Nella veglia sono state seguite le indicazioni del testo dal significativo titolo “Nella luce della Pasqua” preparato per l’occasione dall’Ufficio liturgico nazionale della Conferenza episcopale italiana: il rosario con i misteri gloriosi introdotti dalla lettura di passi del Nuovo Testamento e meditati attraverso le parole pronunciate da papa Francesco in cinque occasioni del suo pontificato.
“Sebbene un velo di tristezza avvolge il nostro animo per la morte del nostro amato papa Francesco – ha detto mons.

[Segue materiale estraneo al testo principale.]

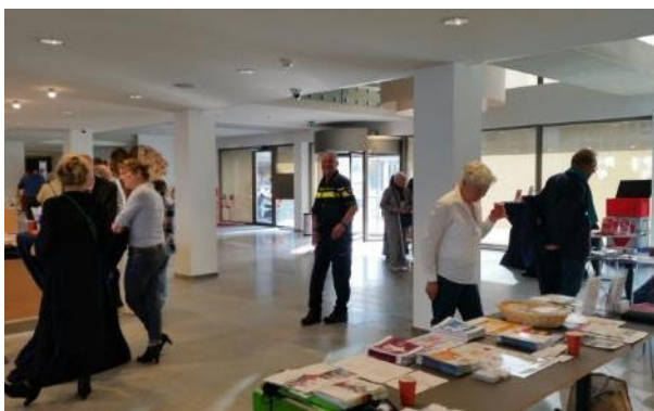
De veiligheidsmarkt in de hal van het verbouwde gemeentehuis.

Désiré Azogou -, dal mondo intero si innalza un inno di ringraziamento a Dio Padre, per il dono di questo successore di Pietro che ci ha aiutato a riscoprire il volto di una Chiesa impegnata ad annunciare il Vangelo della gioia e della misericordia, in cammino lungo le strade del mondo e in ascolto del grido dell’umanità. In questo momento di preghiera affidiamo il nostro Papa alle cure premurose di Maria, segno di consolazione e di sicura speranza per il popolo di Dio in cammino verso il regno”.
Nel commentare il primo mistero, la Resurrezione, sono state riprese le parole del Papa alla Veglia pasquale del 2022: “Il Signore, in questa notte, vuole donarci occhi diversi, accesi dalla speranza che la paura, il dolore e la morte non avranno l’ultima parola su di noi” aveva detto, tra l’altro, Francesco. Nel secondo mistero, l’Ascensione, il riferimento è stato il Regina Coeli del 29 maggio 2022, dove il Papa evidenziava anche che “lo Spirito Santo rende presente Gesù in noi, oltre le barriere del tempo e dello spazio, per farci suoi testimoni nel mondo”. Per il terzo mistero, la discesa dello Spirito Santo, un passo della catechesi all’udienza generale del 19 giugno 2019, nella quale il Papa tra l’altro spiegava che “la Chiesa nasce dal fuoco dell’amore e da un ‘incendio’ che divampa a Pentecoste e che manifesta la forza della Parola del Risorto intrisa di Spirito Santo”. Dall’Angelus del 15 agosto 2013 è stato ripreso il commento al quarto mistero, l’assunzione di Maria, che “ci accompagna, lotta con noi, sostiene i cristiani nel combattimento contro le forze del male. La preghiera con Maria, in particolare il Rosario”. L’ultimo mistero, l’incoronazione di Maria, è stato accompagnato dalla lettura del Magnificat, un cantico nel quale Maria “profetizza che a primeggiare non sono il potere, il successo e il denaro, ma a primeggiare c’è il servizio, l’umiltà, l’amore”.